# resin over acrylic



## StacyC (Mar 6, 2016)

I'm new to painting and have been covering my pieces with epoxy resin. However lately I've been seeing a lot of bleeding under resin...I'm not doing anything different (i use a combo of acrylic, oil and mixed media like gold leaf)...any advice??


----------



## TerryCurley (Jan 4, 2015)

Oil over acrylic should be fine. But you want the acrylic to be completely dry. Not sure what you are meaning by bleed through. I've used resin mixed with my oil paints to decrease the drying time. Are you coating with resin as a glaze? I've used walnut oil and resin as a glaze but not by itself. But then I'm still a little new at this. Been at it almost two years now.

Welcome to the forum.


----------



## leighann (May 10, 2015)

Well, I'm like super crazy new to any kind of painting, but I thought all u had to do with acrylics was spray some kind of sealer on them. (?)
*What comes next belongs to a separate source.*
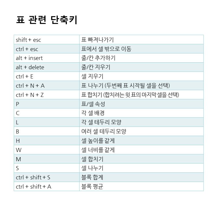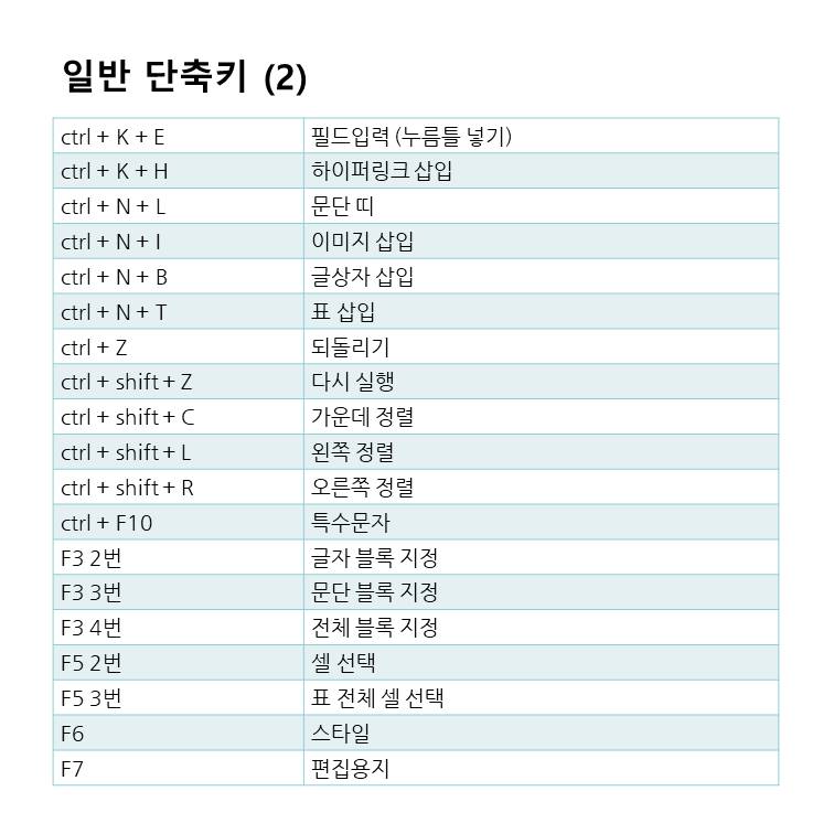 한글 자간, 줄간격, 특수문자 단축키 외에도 유용하게 사용할 수 있는 단축키가 정말 많은데요. 아래 표로 정리해두었으니 참고하셔서 효율적인 문서작업 하시면 좋겠습니다.

I just bought a book on acrylics, so I guess I should check into that. :biggrin:


----------



## StacyC (Mar 6, 2016)

You can just spray a varnish but the resin coating is really thick and gives an added depth...here is the difference in the pic...the second pic is what I mean about "bleed"


----------



## TerryCurley (Jan 4, 2015)

That looks to me like the painting wasn't completely dry when you applied the resin. Actually I think it's a cool effect, but if it's not what you wanted it's a bummer.


----------



## StacyC (Mar 6, 2016)

That's what I was thinking...my layers are not textured or thick but I may just let them dry for a week before applying resin.


----------



## Susan Mulno (Apr 13, 2015)

Is it possible the resin is re-wetting the surface of the paint when it is applied?


----------